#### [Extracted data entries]
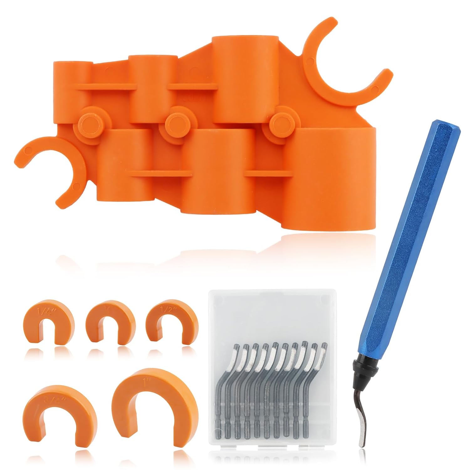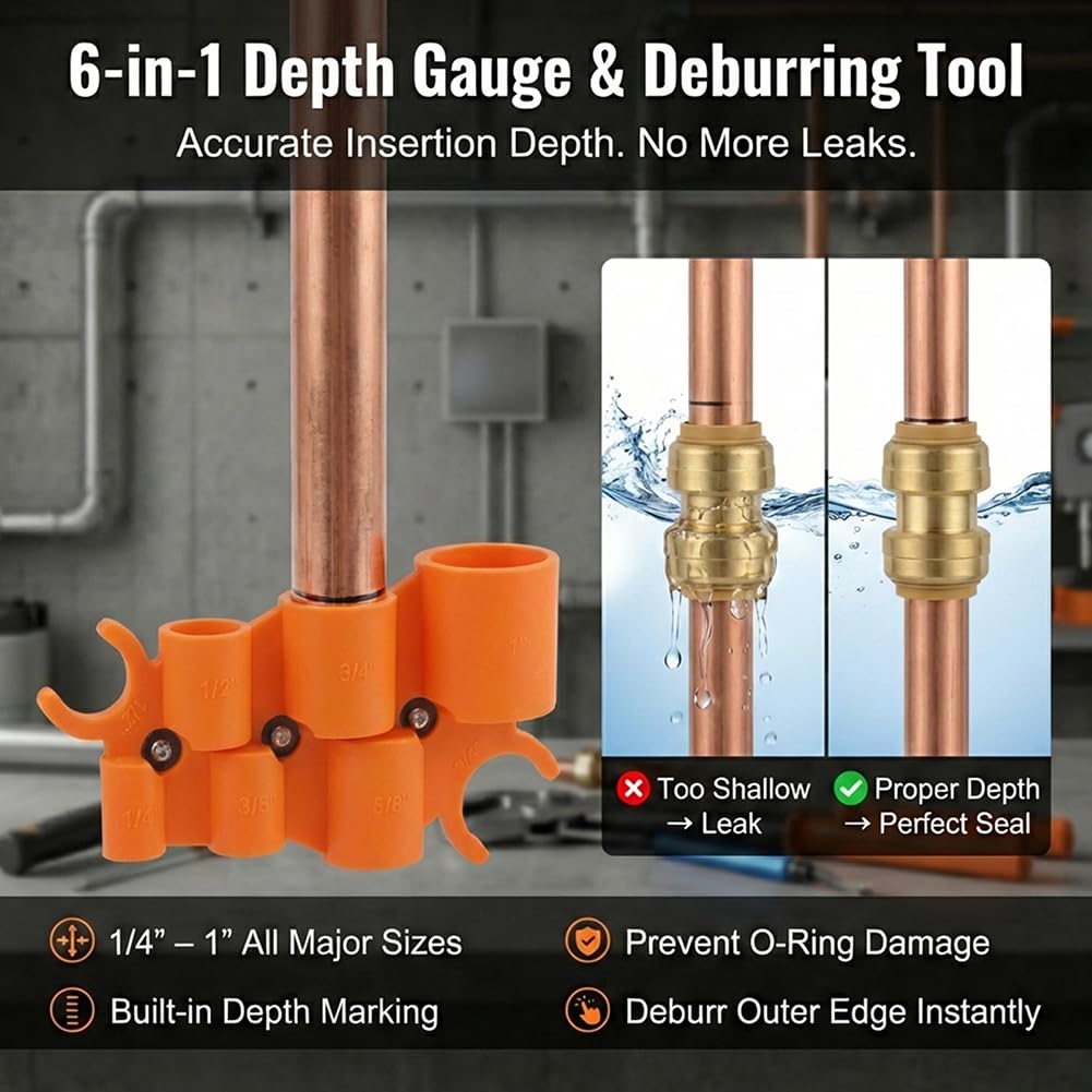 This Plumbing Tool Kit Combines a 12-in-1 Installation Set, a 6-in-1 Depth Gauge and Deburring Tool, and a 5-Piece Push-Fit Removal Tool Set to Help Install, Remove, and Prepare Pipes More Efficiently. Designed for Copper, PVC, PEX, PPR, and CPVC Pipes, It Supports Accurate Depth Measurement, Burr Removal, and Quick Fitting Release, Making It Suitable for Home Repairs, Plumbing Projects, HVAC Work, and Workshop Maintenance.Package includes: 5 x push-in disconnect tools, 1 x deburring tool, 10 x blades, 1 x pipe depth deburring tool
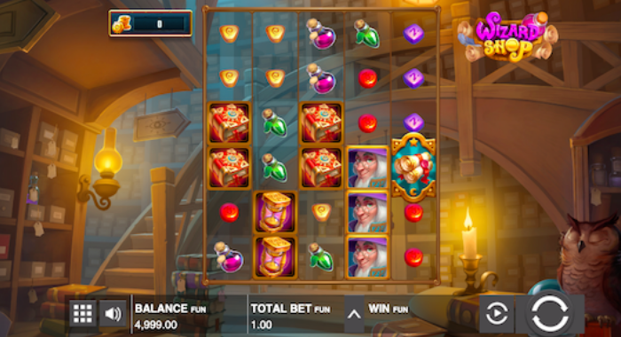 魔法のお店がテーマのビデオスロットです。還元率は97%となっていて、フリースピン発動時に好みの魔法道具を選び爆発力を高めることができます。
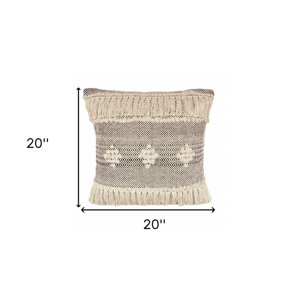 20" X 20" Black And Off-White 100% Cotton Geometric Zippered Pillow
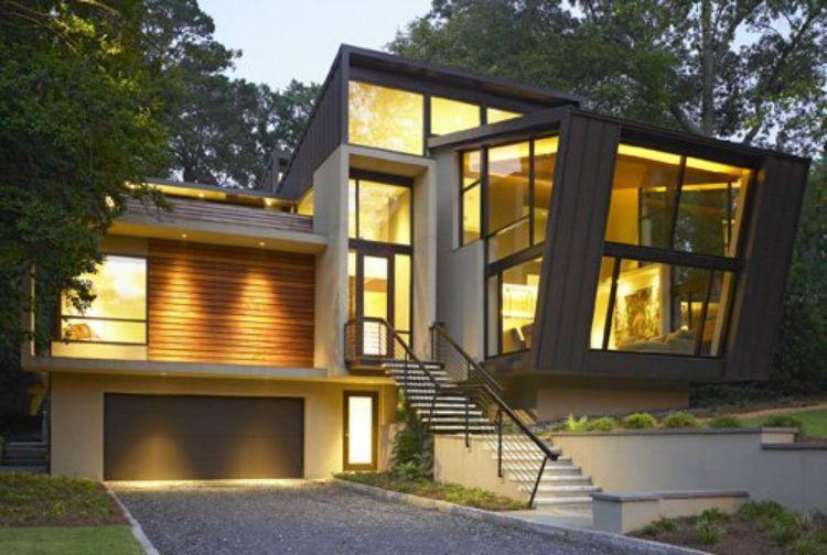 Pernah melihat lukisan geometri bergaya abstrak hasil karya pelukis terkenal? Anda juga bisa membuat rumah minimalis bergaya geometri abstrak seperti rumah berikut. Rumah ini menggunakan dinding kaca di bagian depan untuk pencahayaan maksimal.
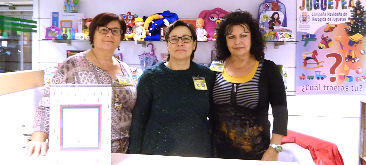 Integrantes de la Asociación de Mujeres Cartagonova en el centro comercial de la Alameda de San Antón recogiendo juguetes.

#### [Task goal]
The copy should start at the line that contains "Pernah melihat lukisan", end at the last line of the entries above, and match each line exactly, with pictures dropped.

#### [Your solution]
 Pernah melihat lukisan geometri bergaya abstrak hasil karya pelukis terkenal? Anda juga bisa membuat rumah minimalis bergaya geometri abstrak seperti rumah berikut. Rumah ini menggunakan dinding kaca di bagian depan untuk pencahayaan maksimal.
 Integrantes de la Asociación de Mujeres Cartagonova en el centro comercial de la Alameda de San Antón recogiendo juguetes.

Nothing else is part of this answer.